WEDNESDAY 22 JUNE 2016

Time for something of a different sort.

On 22 June 1986 Argentina defeated England 2-1 in the quarter-finals of the World Cup. Both Argentine goals were scored by their star striker, Diego Maradona. The first was the infamous “Hand of God” goal. The second, a few minutes later, is described as one of the best goals ever.

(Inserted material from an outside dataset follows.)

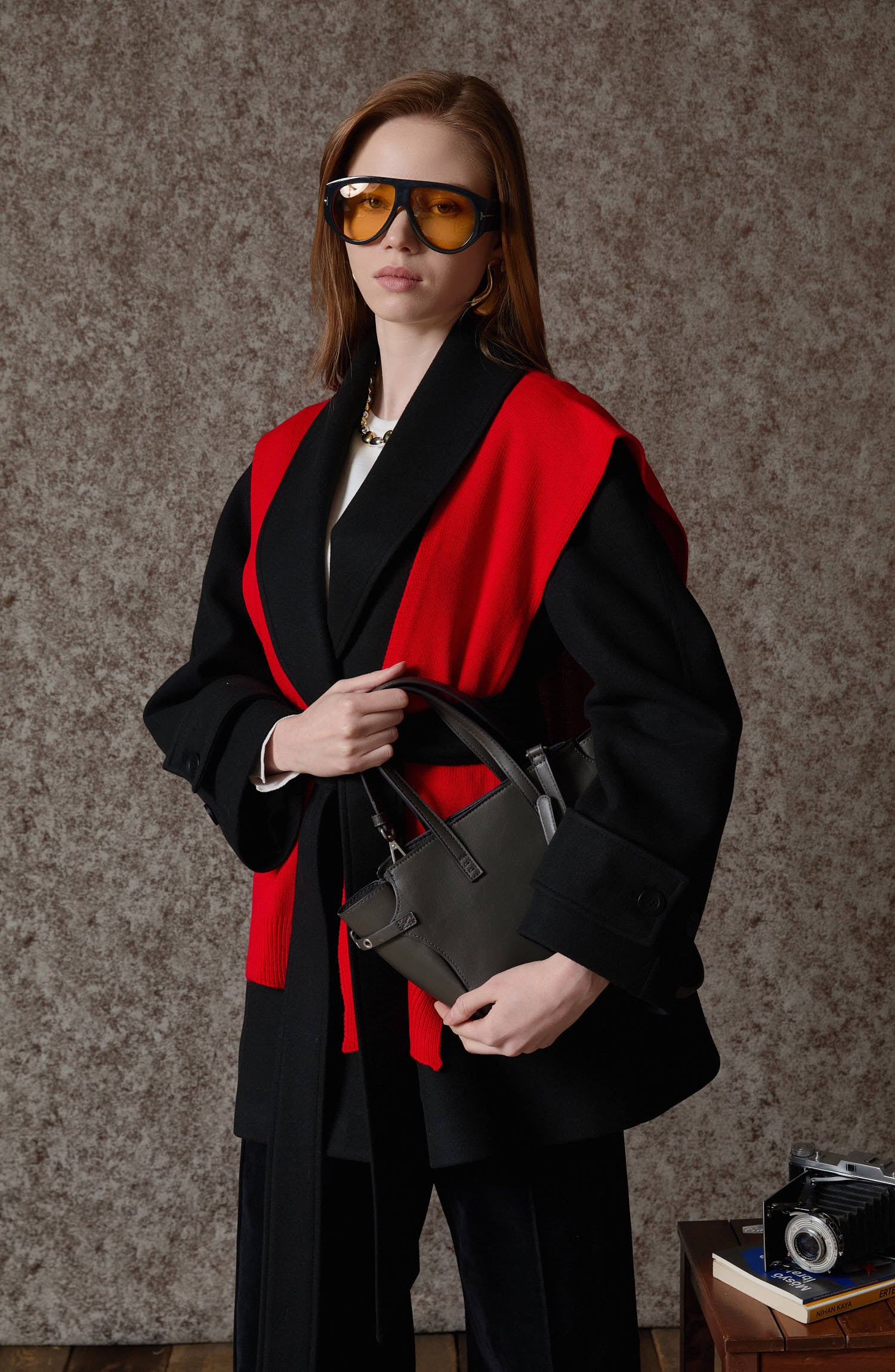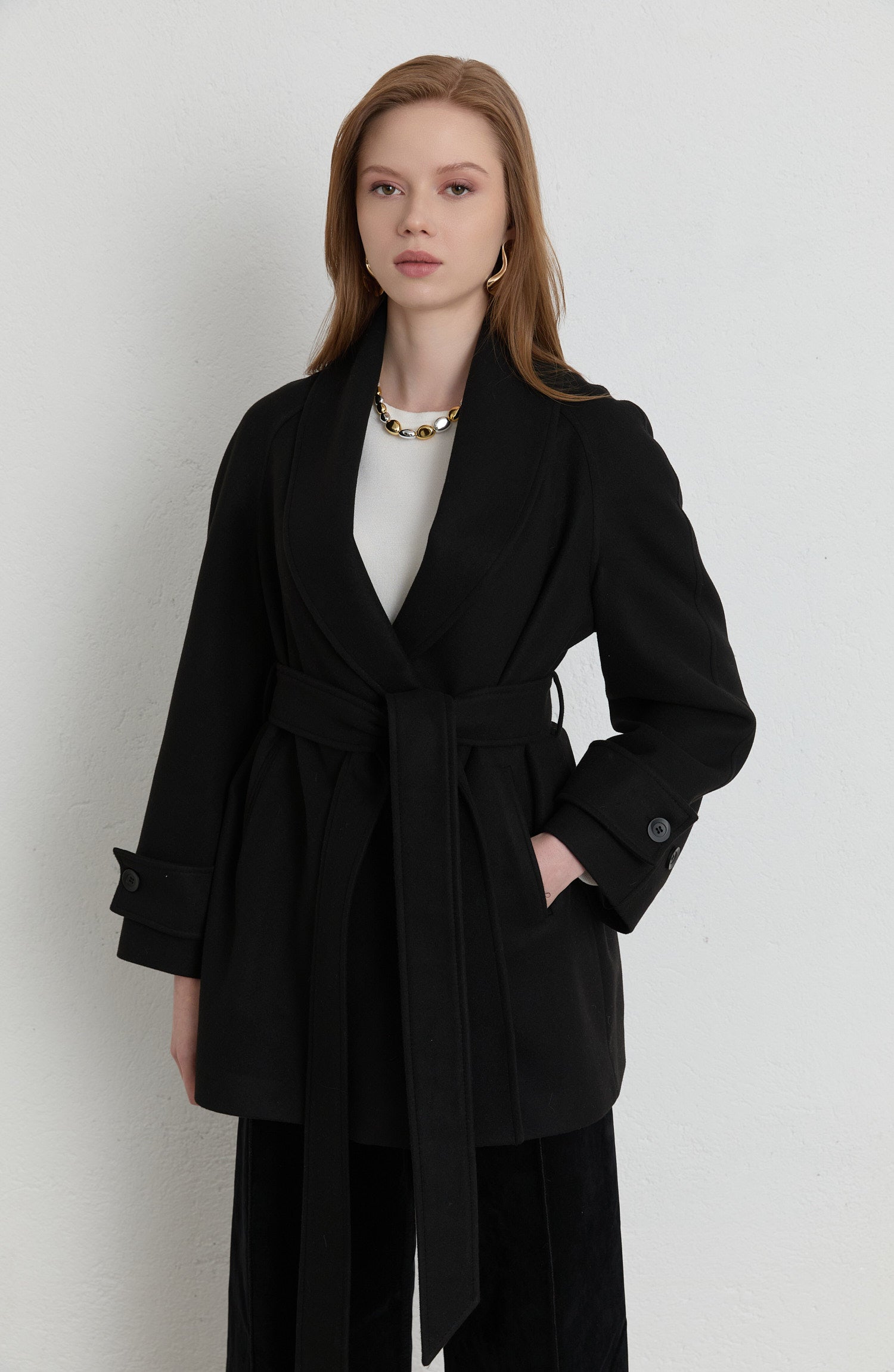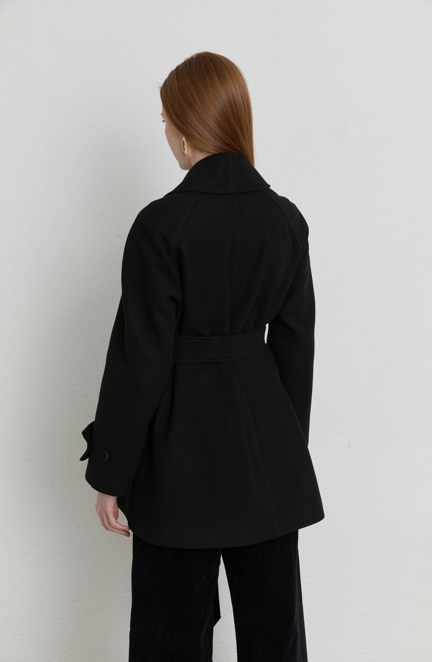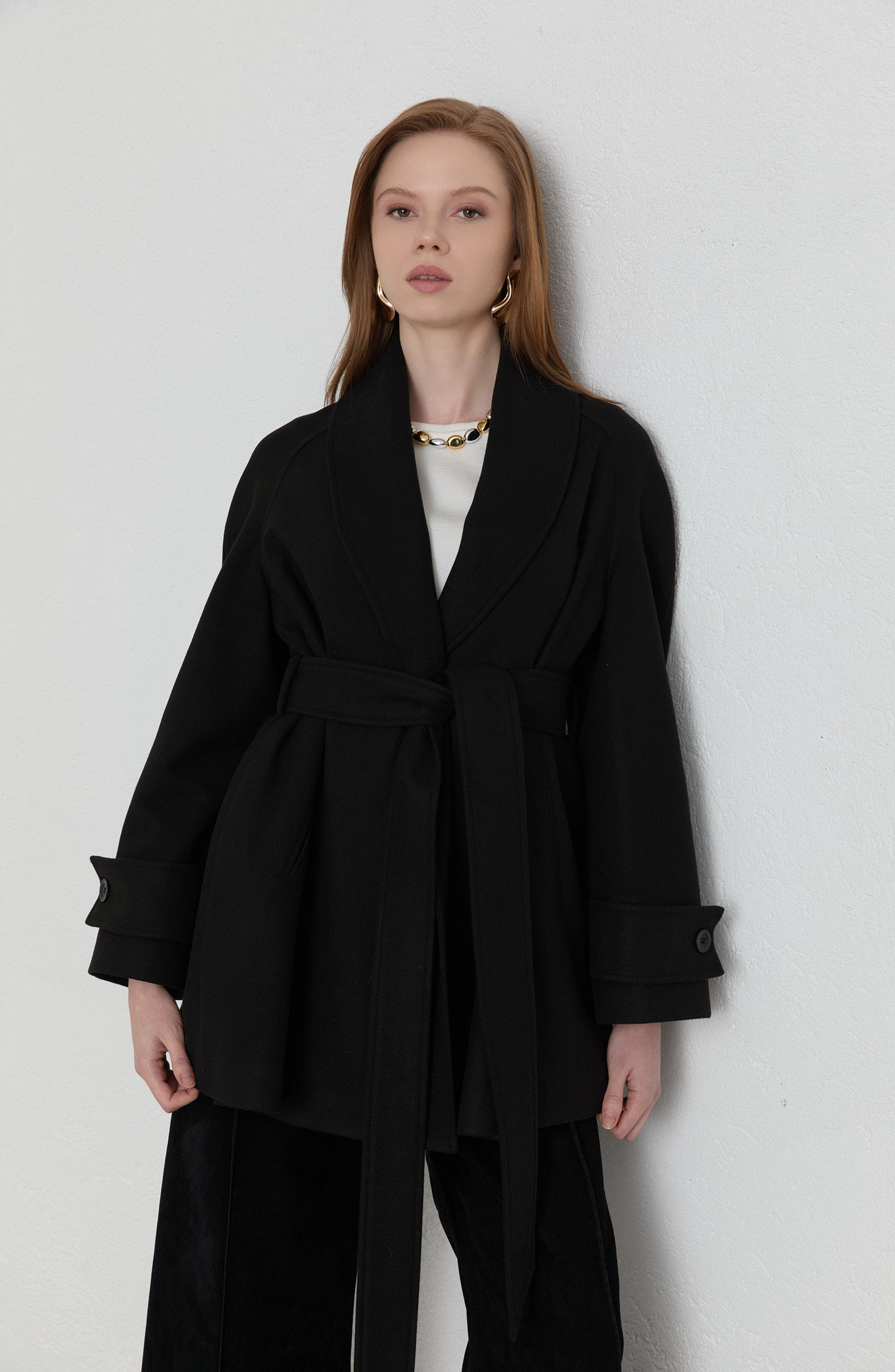 Kruvaze kaşe ceket kaban; elbise, etek ve denim pantolonlarla kolayca kombinlenebilir. Kuşaklı kullanıldığında bel vurgulu, kuşaksız kullanıldığında ise daha rahat ve modern bir siluet elde edilir. Günlük şehir stilinden ofis kombinlerine ve özel günlere kadar geniş bir kullanım alanı sunar.

Here is how Víctor Hugo Morales, a journalist from Uruguay, described the “Goal of the Century” in his commentary (credit to Wikipedia for the translation from Spanish):

“He’s going to pass it to Diego, there’s Maradona with it, two men on him, Maradona steps on the ball, there goes down the right flank the genius of world football, he leaves the wing and he’s going to pass it to Burruchaga … Always Maradona! Genius! Genius! Genius! There, there, there, there, there, there! Goaaaaaaaal! Goaaaaaaal! I want to cry, oh holy God, long live football! What a goal! Die-goal! Maradona! It’s to cry, excuse me! Maradona, in a memorable run, in the best play of all times! Little cosmic comet, which planet did you come from, to leave so many Englishmen behind, so that the country becomes a clenched fist crying for Argentina? Argentina 2, England 0! Die-goal, Die-goal, Diego Armando Maradona! Thank you, God, for football, for Maradona, for these tears, for this Argentina 2, England 0.”